Habla a borbotones. A la mujer que capitanea una dirección general y dirige los destinos profesionales de quinientas personas le tiembla la voz mientras busca el rastro del hombre que acaba de conocer. Se supone que debería de responderla con sentido común y solo me nace un ¿estás segura? Una pregunta retórica pues se observa a la legua que perdió su seguridad al poco de entrar en la sala.
Mírale, está con aquel grupo pero desea volver a mí. Se regresa a los lugares donde uno ha permanecido un tiempo, pienso, porque en quince minutos nadie echa raíces. Mi amiga se frota unas manos heladas antes de cazar al vuelo una copa de vino de una bandeja. Deséame suerte, ruega antes de dirigirse hacia su presa. ¿Presa? Temo que en asuntos románticos la víctima y el victimario presentan fronteras difusas.

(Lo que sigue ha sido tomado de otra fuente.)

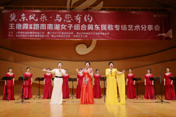 1月17日晚,“冀東風采與您有約”——王艷霞&南湖女子組合冀東民歌專場藝術分享會在唐山保利大劇院音樂廳精彩舉辦,農工黨唐山市文體支委會主委王艷霞攜手南湖女子組合為廣大音樂愛好者送上了一場特色鮮明、雅趣盎然的民歌音樂盛宴,現場400余名觀眾觀看演出。
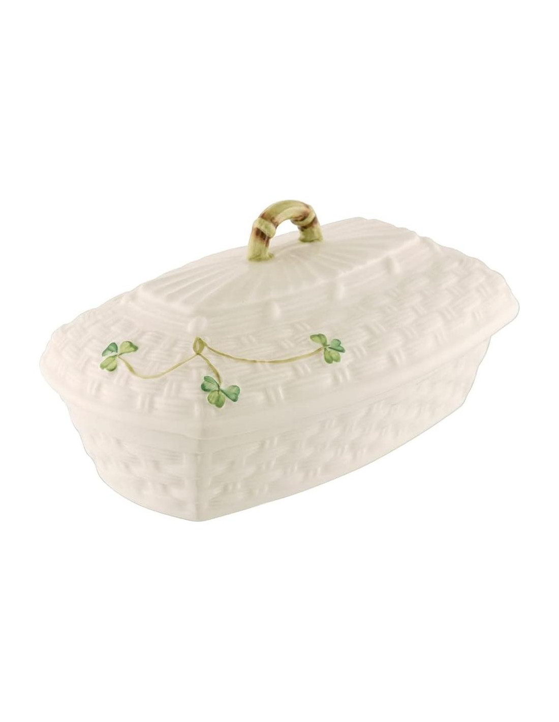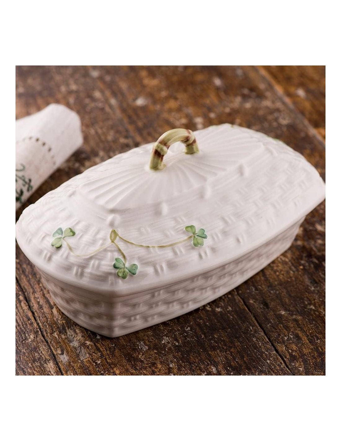 - ESENCIAL ATEMPORAL DE COCINA: Agrega un encanto clásico a tu cocina con este recipiente de mantequilla de cerámica, que presenta el tejido de canasta y tréboles característicos de Belleek. Es un contenedor de mantequilla que mide 3.9" x 3.9" x 7" (9.9cm x 9.9cm x 17.8cm), perfecto para tus necesidades de almacenamiento.

Me pregunto qué motiva a una mujer de convicciones feministas, atractiva y solvente en cualquier cara del poliedro de su vida, a fantasear con un hombre de quien ignora todo, aduciendo que el destino ha elegido por ella. Me preguntó por qué no ardieron sus cuentos de princesas cuando quemó las naves tras su divorcio. Qué agrieta más su solidez de mujer empoderada, el paso del tiempo o dormir sola. Qué creencia habrá enrocado en su mente como para quebrar su proverbial sensatez. Si quizá los amores de su hija adolescente han revivido en ella tópicos que yo hubiera dado por perdidos.
No es la única mujer a quien le remueve un hombre, incluso sin conocerle. El pensamiento de que existe una idoneidad casi cósmica entre seres que solo han intercambiado unas palabras es más común de lo que imaginaba; con frecuencia detecto cómo la solidez femenina pende de unos alfileres llamados “si me eliges, valgo”, echando por tierra cualquier razonamiento que sustente un amor entre iguales.

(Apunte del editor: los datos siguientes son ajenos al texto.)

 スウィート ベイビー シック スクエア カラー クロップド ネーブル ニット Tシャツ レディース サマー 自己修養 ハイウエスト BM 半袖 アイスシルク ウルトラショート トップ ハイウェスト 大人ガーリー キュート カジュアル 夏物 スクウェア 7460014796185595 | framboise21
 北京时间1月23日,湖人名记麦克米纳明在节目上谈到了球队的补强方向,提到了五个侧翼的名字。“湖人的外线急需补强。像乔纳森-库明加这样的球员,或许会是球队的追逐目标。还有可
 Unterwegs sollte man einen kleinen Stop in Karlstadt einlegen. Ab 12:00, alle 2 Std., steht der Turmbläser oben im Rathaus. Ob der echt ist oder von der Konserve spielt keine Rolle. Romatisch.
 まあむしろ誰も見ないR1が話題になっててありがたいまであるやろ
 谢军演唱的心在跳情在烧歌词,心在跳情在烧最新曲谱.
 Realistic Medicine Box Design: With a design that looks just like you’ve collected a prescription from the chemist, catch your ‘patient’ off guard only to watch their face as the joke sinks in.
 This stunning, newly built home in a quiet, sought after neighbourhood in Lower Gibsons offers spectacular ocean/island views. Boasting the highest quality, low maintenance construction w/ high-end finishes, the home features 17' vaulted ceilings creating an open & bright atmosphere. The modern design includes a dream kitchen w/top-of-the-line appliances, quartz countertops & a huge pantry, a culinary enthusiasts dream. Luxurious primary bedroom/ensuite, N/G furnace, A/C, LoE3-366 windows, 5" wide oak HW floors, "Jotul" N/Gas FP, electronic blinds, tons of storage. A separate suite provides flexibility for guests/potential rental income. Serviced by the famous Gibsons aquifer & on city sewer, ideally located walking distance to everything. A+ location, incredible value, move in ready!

En el año 1984 Alan Rudolph dirigió una deliciosa película llamada Choose me que todavía se deja ver con gusto. En ella un puñado de personajes buscaban a la desesperada un match, una conexión, enamorarse a primera vista, puesto que la felicidad anhelada era provocada no tanto por el deseo de amar como de convertirse en el objeto amado, algo cuyo primer paso era acaparar una mirada el tiempo suficiente para ser elegido/a.

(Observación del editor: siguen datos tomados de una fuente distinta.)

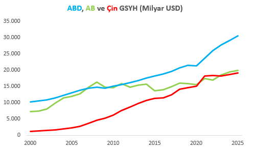 Savaşların getirdiği yıkımlara karşın Avrupa Birliği, yirmi birinci yüzyıla girerken ABD’den sonra dünyanın ikinci büyük gücü konumundaydı. Parası (euro) dolardan sonraki en güçlü rezerv para konumundaydı (bugün hala o konumdadır.) Avrupa’nın dünyanın ikinci büyük gücü konumu yüzyılın ilk çeyreğinde de devam etti. Ne var ki sahne yavaş yavaş uzak doğulularca ele geçirilmeye başlamıştı. Çin, epeyce geriden geldi ve Avrupa Birliğine yetişti. Önümüzdeki çeyrek yüzyılda Avrupa Birliğini geçecek ve ABD’yi yakalamaya gidecek.
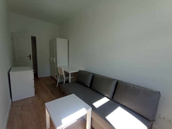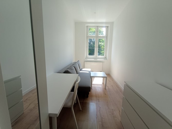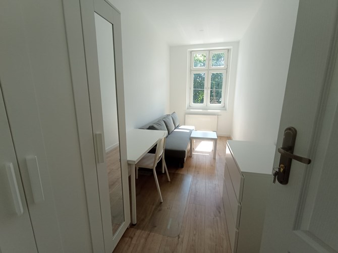 Pokój jest umeblowany i gotowy do zamieszkania.
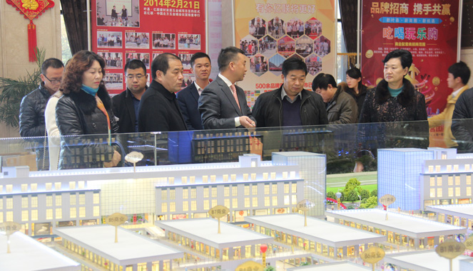 在项目招商销售中心,公司负责人向彭全宇主任一行详细介绍项目工程进度情况,当得知项目将于2016年便能交付商家装修,“明年十一”前后可进行试营业,再次对亿联“一年建成、两年开业、三年旺市”的速度表示赞赏!
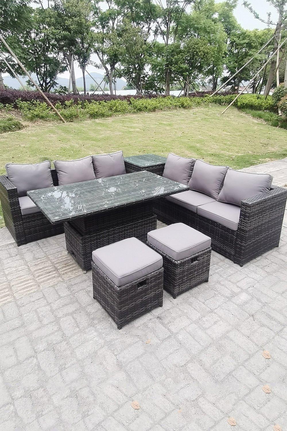 Dark Grey Mixed Wicker Rattan Corner Sofa Garden Furniture Rising Table Sets Footstool
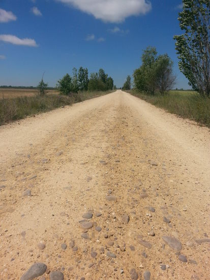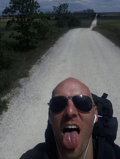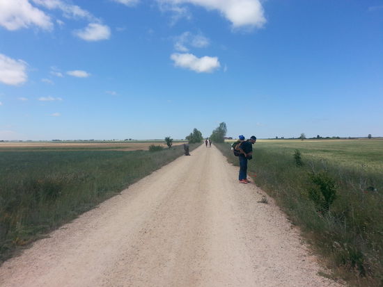 Ich sah irgendwann für zirka 15 km keinen Menschen mehr. Das Wetter war sonnig und windig. Es ist immer ein gerader Weg aus Staub, um einen herum sind nur Weizenfelder. Es ist göttlich. Ich glaube es bedarf aber auch der Tatsache, dass man mittlerweile seit 14 Tagen und 400 km unterwegs war um das Gefühl der Meseta hier vollständig zu spüren. Boah, ich ging und um mich herum war nichts. Klar, ich glaube das kann man auch in der Weite von Mecklenburg Vorpommern erleben, aber hier wirkt es anders. Es war ein unglaubliches und so lange anhaltendes Gefühl. Es war Simon and Garfunkels "Sound of Silence" aber auch foo fighters "everlong" auf meinem Ohr was mich in die Knie zwang. INTENSIV!!!!!!!!!!!!
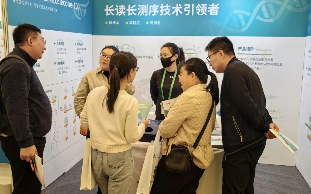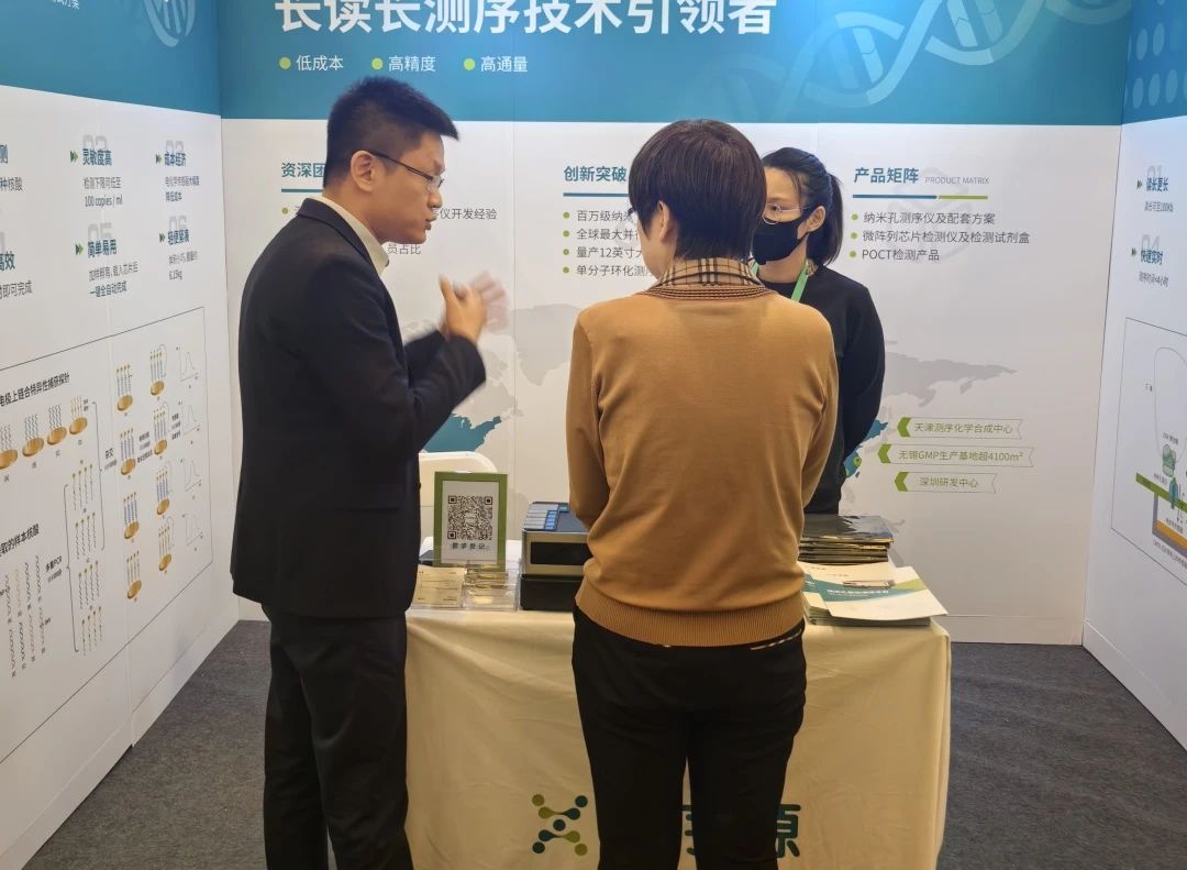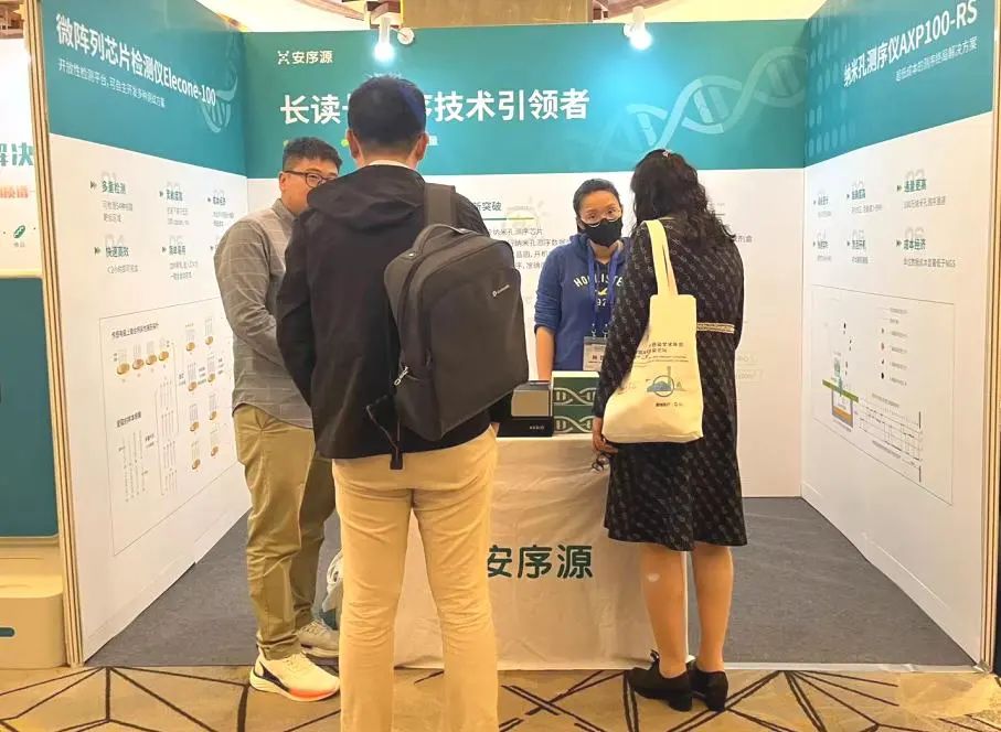 不少来访专家学者驻足展台了解安序源的技术路径,其中对于安序源如何发挥第四代测序技术以及其相较目前其他测序技术有怎样的优势表现出浓厚的兴趣——安序源通过结合纳米孔边合成边测序 + 环化一致性测序(CCS)物理校正 + CMOS芯片电信号检测等技术的特长,在读长、通量、准确度、时间、成本上做了更进一步的取舍与平衡,使之既能实现一代测序的精准度与二代测序的高通量和低成本,还能在较长读长(10~100K)下降低组装拼接的难度和错误,可用于更多应用领域的开发和探索。
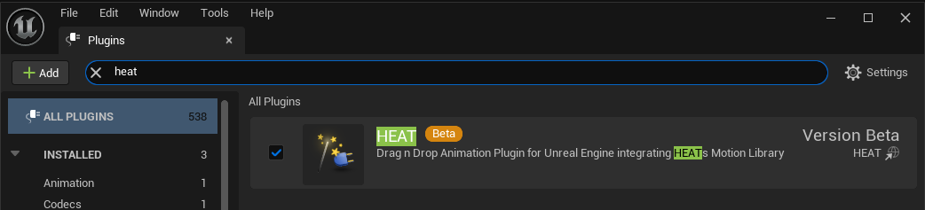 Just like all UE5 plug-ins, you will need to install HEAT in this way every time you start a new unreal project.
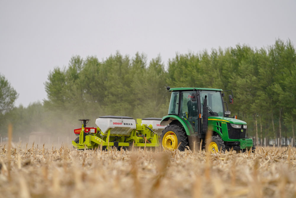 經(jīng)過(guò)多年試驗(yàn)和推廣,東北逐步形成以秸稈覆蓋、少耕免耕為特點(diǎn)的吉林“梨樹模式”等多種行之有效的保護(hù)性耕作模式。這是2020年5月7日,吉林省四平市梨樹縣的農(nóng)民駕駛免耕播種機(jī)播種玉米。
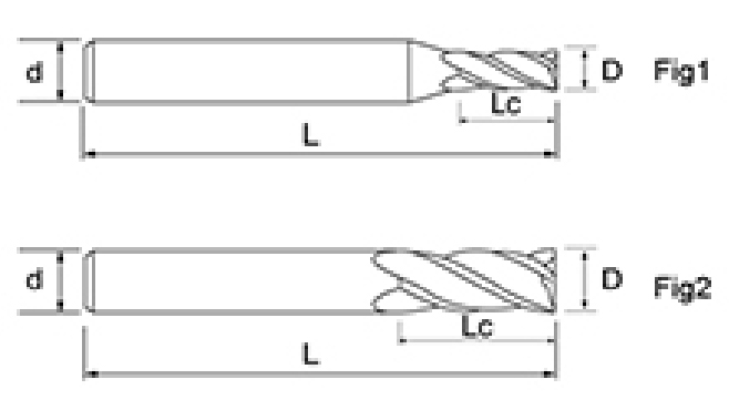 | いいえ。 | 直径 D | 刃長さ LC | 全長 L | シャンク径 d | 刃数 F |

Del mismo modo mi amiga, en mitad del acto social al que hemos acudido juntas, se dirige en este momento en pos de un hombre desconocido a fin de implorarle “elígeme”. En el caso de lograrlo reforzará su autoestima, en el contrario temo que tocará recomponer los pedazos de cristal en que esta se habrá convertido.
Mientras la observo interactuar con el ser a quien ella cree un príncipe, viene a mi cabeza una escena de El método Kominsky (serie de Netflix de lo más recomendable) donde una admirablemente bella Jane Seymour asciende por la escalera con la agilidad de una mujer de 30 años tras haber rechazado a un amor, que regresa a su vida a través del tiempo, por no estar dispuesta a tolerar sus salidas de tono.
Días atrás la actriz lamentaba que los grandes diseñadores no vistiesen cuerpos como el suyo –impresionante a sus sesenta y ocho años– y me reafirmo en que las mujeres fuertes eligen, no son elegidas.